La reunificación alemana, que se selló el 3 de octubre de 1990, marcó el inicio de un proceso destinado a equiparar las condiciones de vida entre el territorio de la extinta República Democrática de Alemania (RDA) y el resto de Alemania. Este proceso ha costado casi 2 billones de euros y ha presentado tanto luces, como la convergencia de salarios, como sombras, como la pérdida de productividad y un creciente sentimiento de desigualdad.
Diferencias y Expectativas
Ilko Sascha Kowalczuk, historiador, comentó: «Diferencias hay en todas partes; cuando recorro España veo muchas diferencias y es distinto estar en Madrid, Barcelona, Andalucía o el País Vasco. Eso también es así en Francia o Italia y también en Alemania. Hay que acostumbrarse a ello».
Kowalczuk también afirmó que existía una expectativa errónea en Alemania. Hubo gente que creyó que se despertarían en un país floreciente al día siguiente de la reunificación.

En la extinta RDA, tras el júbilo inicial, muchas personas enfrentaron la dura realidad de que numerosas empresas cerraron por falta de competitividad, resultando en una considerable pérdida de empleos.
Brecha Demográfica
Desde 1990, según cifras de la Oficina Federal de Estadística (Destatis), la población en Alemania ha crecido un 5 %, alcanzando 83,6 millones de habitantes. Sin embargo, el oeste ha experimentado un crecimiento poblacional del 10 %, mientras que el este de Alemania ha visto su población reducirse en un 16 %.
Este descenso se debe en gran parte a un proceso de migración interna, impulsado inicialmente por las mejores oportunidades laborales en el oeste para los jóvenes que se produjeron después de la reunificación. La migración neta del este hacia el oeste ha sido de 1,2 millones de personas, con la mitad de este flujo ocurriendo en los primeros diez años tras la reunificación.
La economía de la RDA sufrió un duro golpe, especialmente después de la unión monetaria con Occidente en junio de 1990, lo que provocó un abrupto abandono de industrias. Como explicó el historiador Hanno Hochmut del Centro de Historia Contemporánea de Leipzig: «Los productos que se producían en la RDA perdieron todo interés de la noche a la mañana. Ya no tenían demanda».
Convergencia Inconclusa
A lo largo de los años, ha habido un proceso de convergencia en muchos aspectos, aunque las diferencias persisten. Según un estudio de la Fundación Bertelsmann, la diferencia en el nivel de ingresos se ha reducido del 26 % registrado en 1990 al actual 15,9 %.
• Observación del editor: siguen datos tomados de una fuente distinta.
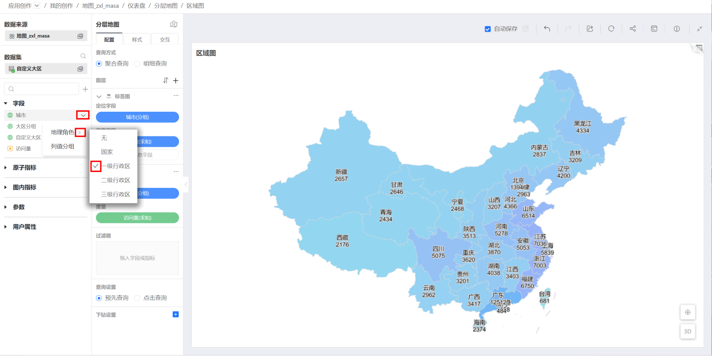 方法一:在地图编辑页面的数据区域,点击需要转化的地理信息的下拉箭头,在地理角色中选择与地理信息对应的行政区域。
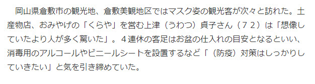 この4連休入りに際し各マスコミから取材いただきました。何かと問題ありげなGO-Toキャンペーンなども東京を除く地域で取り組まれるようですが新型コロナの問題解決には至らないので県外からの観光客は以外と多いのですが年配の方は少なく若者が多いように感じます。お土産の消費に関しては若い観光客ほど少なく特にアベックは食べ歩きが主体の傾向があります。ましてやコロナ禍で観光となると職場へのお土産も積極的とは行かないようです。倉敷美観地区エリアで営業されている皆さんも相変わらず大きな影響を受けておりマスコミも熱心に取材に取り組まれているようです。お客さんには来て貰いたいけどウイルス拡散というリスクもある中、防護策はお店にとってもお客様にとっても重要な事と思い頑張って取り組んでおります。

Aún más pronunciadas son las disparidades en riqueza; el patrimonio promedio de los habitantes del este de Alemania representa solo el 44 % del patrimonio de los alemanes occidentales. Mientras cada alemán occidental tiene, en promedio, un patrimonio de 153.000 euros, los alemanes del este poseen solo 67.400 euros por ciudadano, a pesar de haber experimentado un crecimiento del 75 % en su patrimonio desde la reunificación.
Expectativas Poco Realistas
Un estudio del Instituto de Estudios Económicos de Berlín concluye que lo problemático no ha sido tanto el desarrollo del proceso de unidad, sino las «expectativas poco realistas» de que pronto surgirían paisajes florecientes, citando una frase del canciller Helmut Kohl de 1990. Lo que se presentó a corto plazo fue diferente: la drástica pérdida de productividad en el este condujo al cierre de empresas y un aumento del desempleo.
En cuanto al desempleo, ha habido también un proceso de convergencia. En 1991, la tasa de desempleo en el este era del 10,2 %, comparado con el 6,2 % en el oeste. Para 2005, el desempleo en el este había aumentado a 20,6 %, mientras que en el oeste era del 11 %. Con el tiempo, la brecha empezó a cerrarse gracias a reformas del gobierno del socialdemócrata Gerhard Schröder entre 2002 y 2005.
Actualmente, la tasa de desempleo es del 5,3 % en el oeste frente al 7,2 % en el este, según cifras de la Agencia Federal de Empleo.